- Court: High Court of Justice
- Decided: 16 April 1984
- Citation: [1984] 1 WLR 1172; [1984] 3 All ER 374; (1984) 148 JP 692; (1984) 79 Cr App R 229; (1984) 128 Sol Jo 660; (1984) 81 LS Gaz 2140; [1984] Crim LR 481

Case history
- Appealed from: Marylebone Magistrates' Court

Court membership
- Judges sitting: Goff LJ and Mann J

= Collins v Wilcock =

1984 court case in UK

Collins v Wilcock is an appellate case decided in 1984 by a divisional court of the Queen's Bench Division of the High Court of England and Wales. It is concerned with trespass to the person focusing on battery.
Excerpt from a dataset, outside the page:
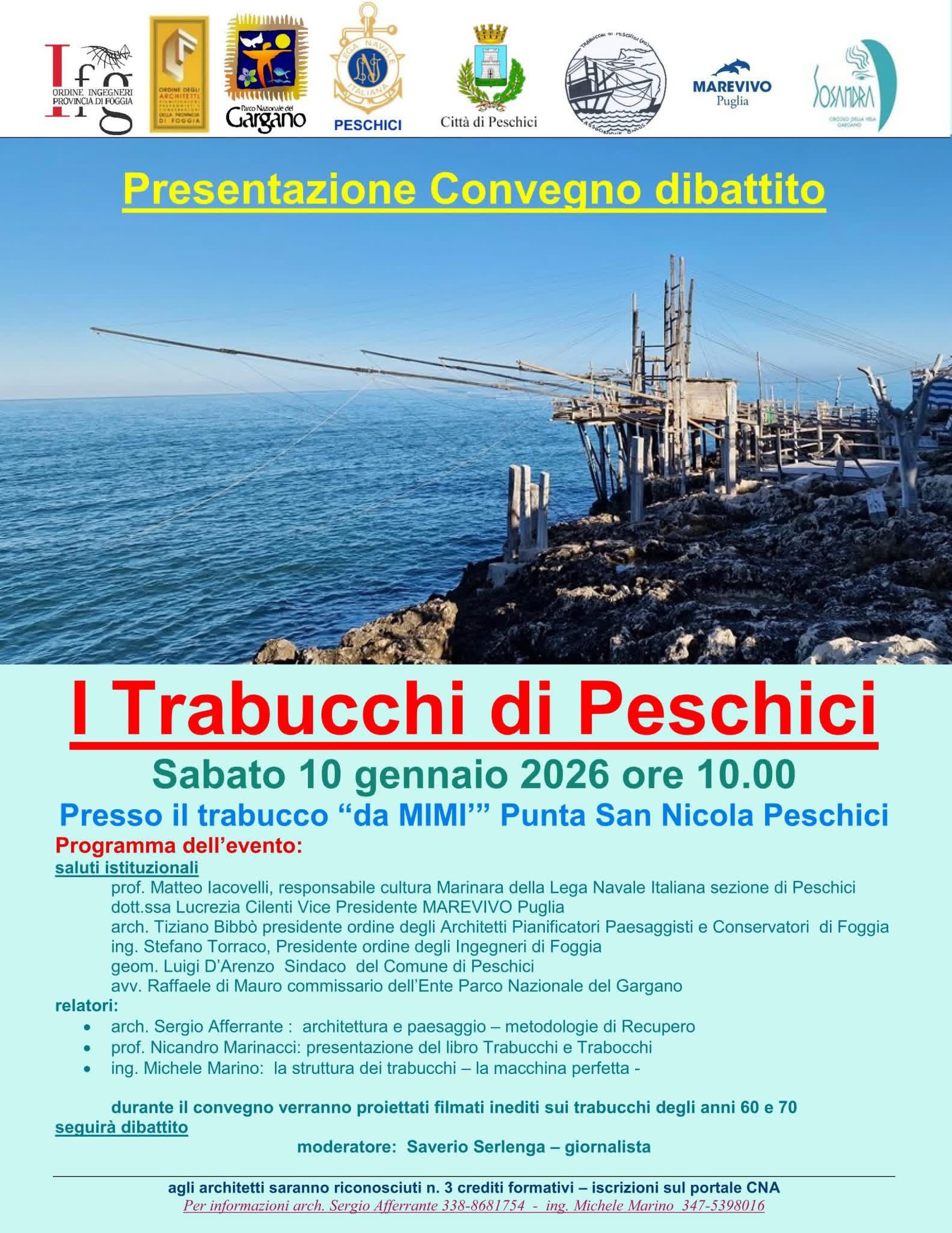 Sabato 10 gennaio, presso la Sezione della Lega Navale Italiana di Peschici, si terrà un convegno dedicato ai trabucchi, testimonianze della cultura marinara del Gargano. L’incontro offrirà un’importante occasione di confronto sui temi della cultura del mare, del paesaggio costiero, dei beni culturali e delle antiche tradizioni marinare che da secoli caratterizzano la storia e l’identità delle comunità garganiche.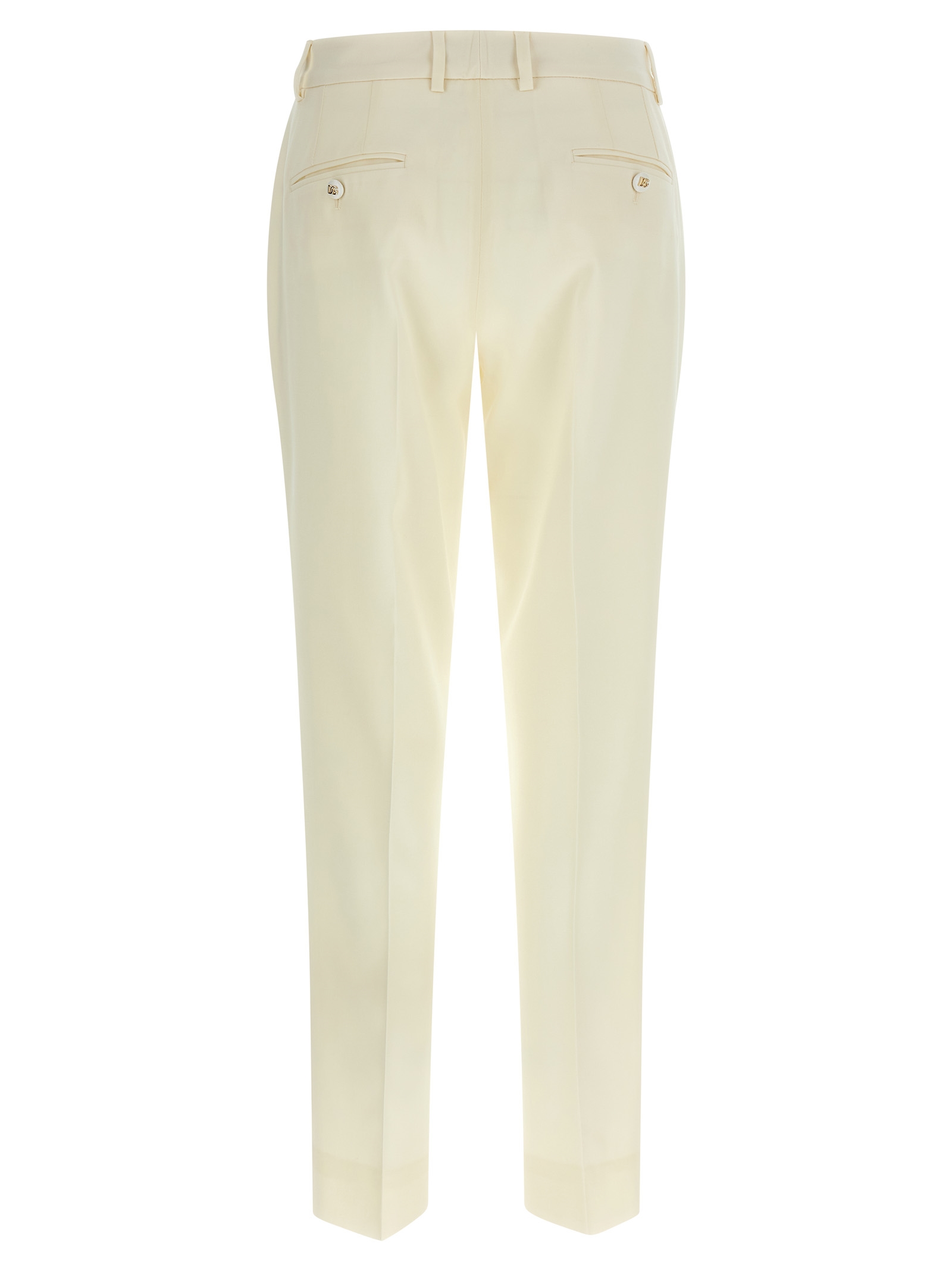 Stretch wool canvas trousers, low ‘Kate’ waist, straight leg, stretched pleat, pin tucks, zip and front button closure, pockets.

Collins v Wilcock is a leading case. Expanding on Sir John Holt's definition of intent in Cole v Turner, Lord Goff's ruling in Collins v Wilcock narrowed the law. "An assault is committed when a person intentionally or recklessly harms someone indirectly. A battery is committed when a person intentionally and recklessly harms someone directly." But it also says this: "An offence of Common Assault is committed when a person either assaults another person or commits a battery." It notes that the only distinction between common assault and causing actual bodily harm (under section 47 of the Offences Against the Person Act 1861) is the degree of injury.